Bryan Hyer’s Grove article supports this notion. “The history of tonality,” he writes, “is better understood in terms of specific harmonic practices rather than immutable laws. . . . Tonality, then, is an ideological as well as a theoretical construct: from the very beginning, the term has been used primarily for historiographical purposes” (Hyer 2016, §5).
Treating tonality as rigid or systematic can be relatively harmless, as in Joseph Auner’s (2013, 4) position that tonality was a “unified system” by the nineteenth century, which he uses merely as a point of departure for compositional contexts around 1900. However, the claim takes on more pernicious overtones for someone like Roger Scruton, whose view—where tonality is “a system within which styles are engendered”—leads him to claim that it is possible “that tonal music is the only music that will ever really mean anything to us, and that, if atonal music sometimes gains a hearing, it is because we can elicit within it a tonal order” (1999, 292 and 308). Though my tonal-topic initially seems to align with Scruton’s aesthetics, I stress that this is merely one way that modernist and post-tonal musics create meaning. We cannot always “elicit within” all musics a “tonal order,” but the tonal topic sometimes provides a hermeneutical point of entry. I agree with Deleuze and Guattari in that “you will never find a homogeneous system that is not still or already affected by a regulated, continuous, immanent process of variation” (1987 [1980], 103).
I caution here that individual tonal figurae may not be necessary or sufficient to invoke tonality as a topic. The figurae of /triads/ or /resolutions/, for example, clearly have high probabilities of functioning topically in an atonal context, but situational cues affect any interpretation. As Lloyd Whitesell frames it, analysts should confront the qualifiers, “tonality for whom?” and “tonality as so understood” (2004, 115). Closely matching this sentiment is Ashby’s (2009) framing of tonal theory and practices as performative, with tonal “principles given their significance by deviation from said principles: it is the contraventions that define the rule.”
Frymoyer elsewhere suggests that a renewed interest in topics “can contribute to a broader trend in musical modernism to rethink the narrative of stylistic ‘rupture’ with the nineteenth century,” problematizing a notion of fin-de-siècle erosion (2017, 107). She also argues that modernism “signifies less of a rupture as a reprioritization where radical experiments specifically in pitch and rhythm were ultimately encompassed within a higher epistemological security in textural conventions” (Frymoyer 2012, 230).

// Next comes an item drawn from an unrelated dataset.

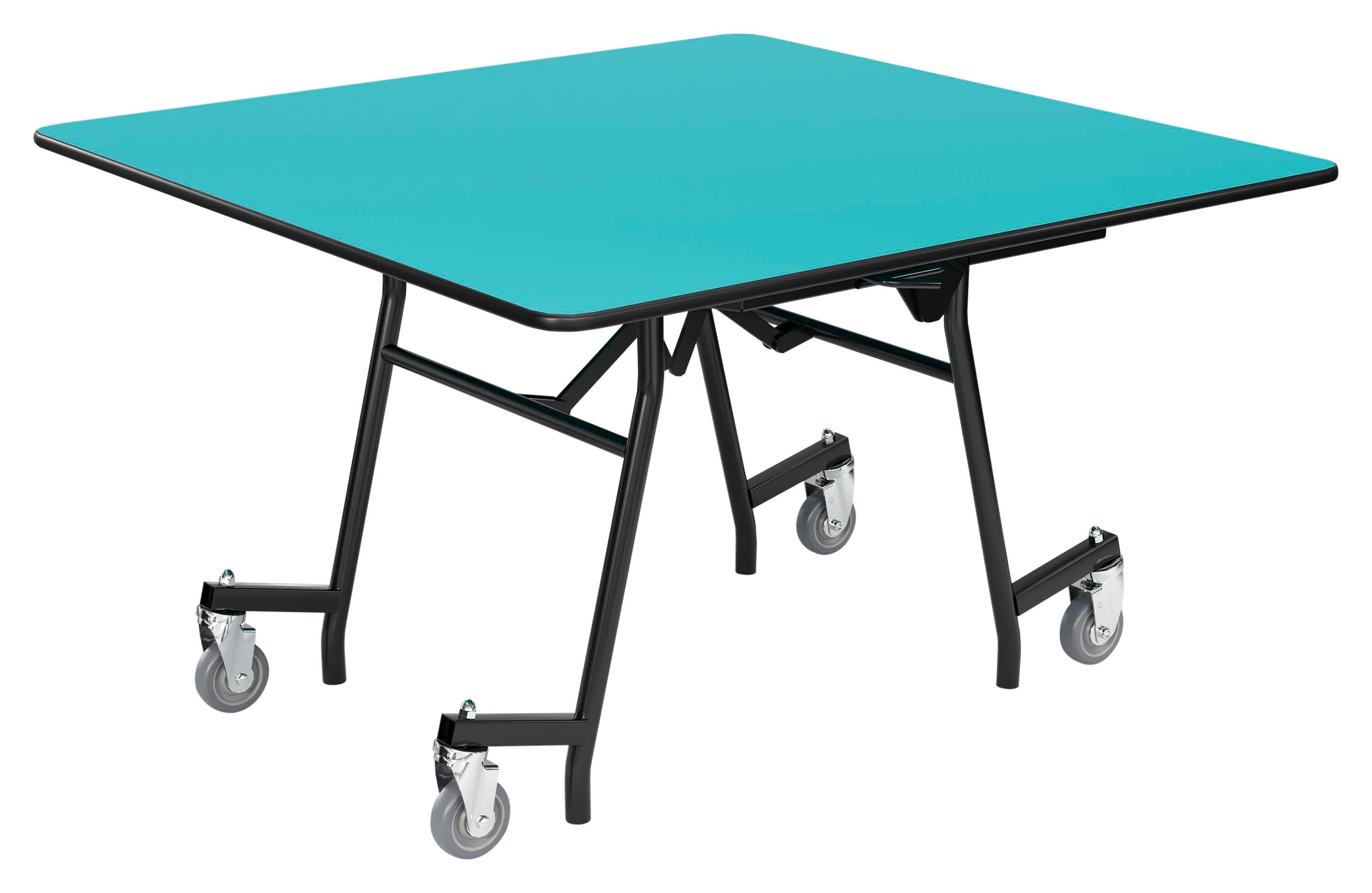 The one-piece design and durable structure make this the perfect multi-purpose table for cafeterias, banquets, and most events. When opened, this is a seamless surface that automatically locks with two points of manual release to fold and can be nested for easy storage. 4 inch double ball bearing swivel casters allow for easy transportation and lift off the floor in an open position to prevent table from rocking or shifting. Glass-filled nylon, high-impact glides allow no leftover marks when moving.

Scholars have moved away from such a teleological narrative over the past few decades, and many recent studies (e.g., Wörner et. al 2012, 2017; Harrison 2016; Hubbs 2004) explore the plethora of tonal(-leaning) composers whose work remains underrepresented in the analytical literature.
I use “assemblage” in a specific active and dynamic sense following Deleuze and Guattari, which Chris Stover explains as “a process of creative bringing-together, through which (constellations of) milieus are transformed or interpreted” (2017, 4.4). The becoming of the tonal topic embodies this bringing-together of diverse acts of signification and meaning.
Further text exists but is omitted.